YARATMAK VE TANRI KAVRAMI ÜZERİNE

05.11.2013 00:24:18

 

  Son zamanlarda internet üzerinden insanın imanını zedeleyecek bazı felsefi paylaşımlar artarak devam etmektedir. İnsanla tanrı kavramını yanlış yorumlayarak insanı yaşadığı bu hayali alemin ve gerçekleşen her olayın zihin gücüyle yaratıcısıymış gibi anlatan bu iddiaları düzeltmek bir zaruret olmuştur.

 

 Bu gibi meseleler ulu orta irdelenecek konular değildir. Hz Mevlananın buyurduğu gibi “Sır ancak ona ehil olanın kulağına söylenir.” Bu sebepledir ki  aşağıda anlatacaklarımız özetin özetinin özeti mertebesindedir ve şu şekildedir. 

  

“Düşünceye yoğunlaşarak kendinizden enerji verdikçe o düşünceyi somutlaştırırsınız, maddeleştirirsiniz ve o düşündüğünüz gerçekleşir.” İddaası yanlış bir algılamadır. Gerçekleştirme, yaratma gücü yalnızca İlahi iradeye aittir. Yaratıcı yalnızca O dur. Ve yaratma kavramı Allah’tan başkasına asla izafe edilemez

 

“Haberiniz olsun, yaratmak da, emir de (yalnızca) O'nundur. Alemlerin Rabbi olan Allah ne Yücedir.” (Araf Suresi, 54)

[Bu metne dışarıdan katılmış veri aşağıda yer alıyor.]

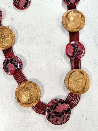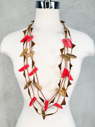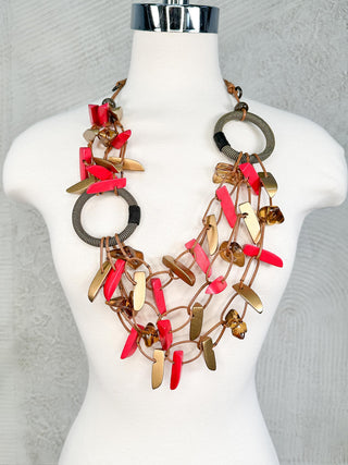 Wood Mixed Media Shapes Wire Necklace, Pink Multi
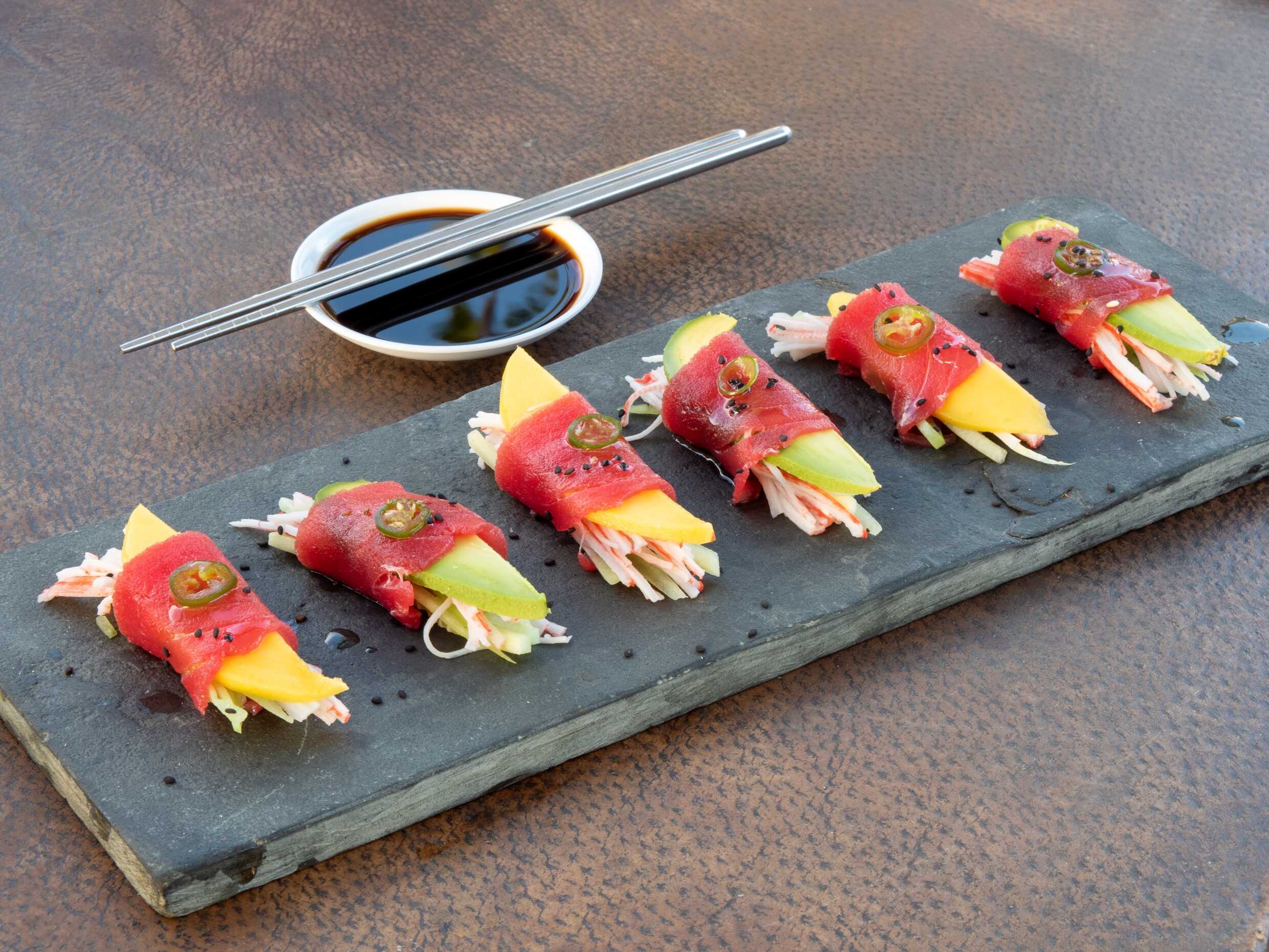 Pepino, aguacate, kanikama, mango envuelto en tuna fresca.
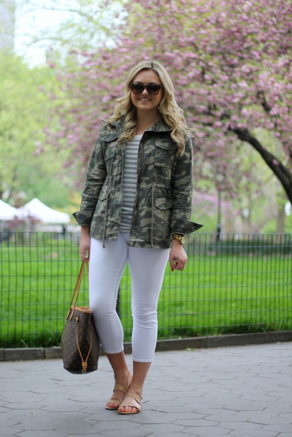 For a more casual weekend look, I used a few of my favorite tricks while I was getting ready … Mixing prints and wearing white on white. I paired my white cropped jeans with a white and blue striped tee and a camo jacket, finished off by a pair of nude sandals.
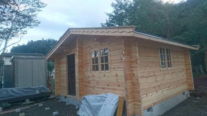 先日ログハウスを設置工事をしました。

  Ancak Kemalat mertebesine eren, önce Fenafillah, sorada Bekabillah olmuş, yani ölmeden önce ölmüş, Allah’ta yok olarak nefsini tamamen yok edebilmiş, sorada Allah’ta beka bulmuş yani daha bu dünyada iken O’na dönüp ruhuyla Allah’ta tekrar var olabilmiş kişinin her dediği hemen oluverir.

 

  Bu imanın kuvveden fiile çıkmasıdır. Taklidi imandan hakiki imana geçiş durumudur. Kamal mertebesidir. Uzak doğudaki ifadesiyle Nirvanaya ermedir.

 

  Hz. İsa’nın Havarilerine dediği bir söz var. “Sizi gidi imansızlar. Eğer içinizde hardal tanesi kadar iman olsa siz yürü deyince şu dağlar yürür birbirine kavuşurdu.” İşte burada sözü edilen hardal tanesi kadar iman kuvveden fiile çıkmış olan ilahi ruhun mutlak eğemenliğidir.

 

  Bu başka bir şeydir. Burada dileyen ve yaratan insan değildir. Zira bu mertebede artık insanın nefsani yönü tamamen ortadan kalkmış, geriye ona yaratılışı sırasında  Allah’ın kendisinden üflediği ruh kalmıştır ki oda Allahın kedisinden bir kudrettir. Burada yaratan insan değil artık Allah’dır.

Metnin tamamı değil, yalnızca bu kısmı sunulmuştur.